A. Write an equation to model this.
B. How long before you have as much money as your brother?
C. How much have you saved when you catch up to him?
your equation:
y = 80 + 10n
your brother's equation:
y = 275 - 15n
b) when does
80+10n = 275-15n ?
c) whatever you got for n in b) sub this into "your" equation
A. To model this situation, we can create an equation based on the information given.

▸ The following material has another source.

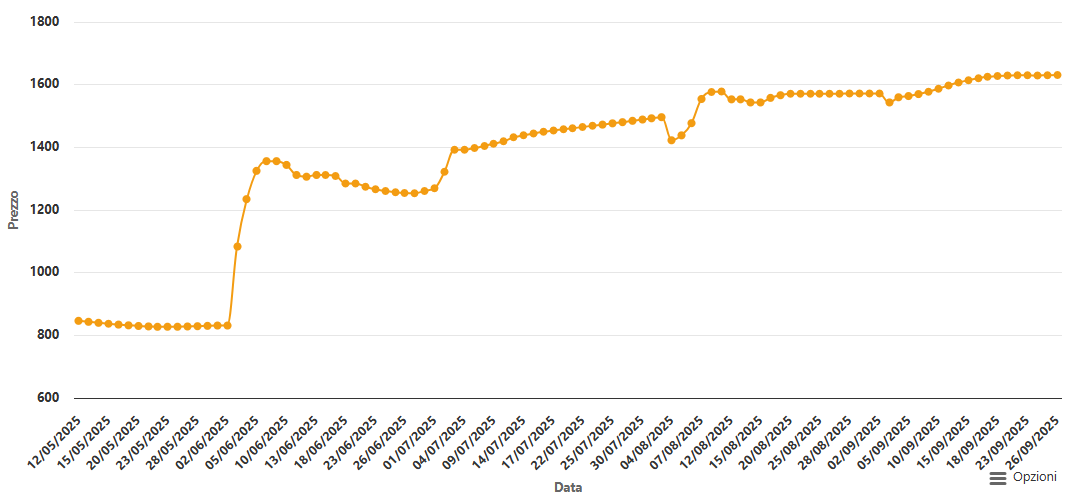 Il grafico mostra con chiarezza come, dopo il crollo di primavera che aveva spinto le quotazioni sotto quota 2.300 $/t, il metallo abbia intrapreso un lento ma costante percorso di risalita. La fase di consolidamento tra luglio e settembre, oscillante attorno ai 2.600-2.700 $/t, segnala che il mercato sta cercando un nuovo equilibrio, sostenuto sia dal recupero della domanda industriale sia dal rafforzamento dei premi fisici in Europa.

Let's use the variables "x" to represent the number of weeks.
For your savings, the equation is: your total savings = $80 + $10 per week
For your brother's savings, the equation is: your brother's total savings = $275 - $15 per week
B. To find out how long before you have as much money as your brother, we need to set up an equation where your total savings will be equal to your brother's total savings.
So, we can set up the equation:
$80 + $10x = $275 - $15x
Simplifying the equation:
$10x + $15x = $275 - $80
$25x = $195
Dividing both sides of the equation by 25:
x = 7.8
Since it doesn't make sense to have a fraction of a week, we can round up the result to the nearest whole number.
So, it will take approximately 8 weeks before you have as much money as your brother.
C. To find out how much you have saved when you catch up to your brother, we can substitute the value of "x" (which is 8) into the equation for your savings:
Your total savings = $80 + $10x
Your total savings = $80 + $10(8)
Your total savings = $80 + $80
Your total savings = $160
So, when you catch up to your brother after 8 weeks, you will have saved $160.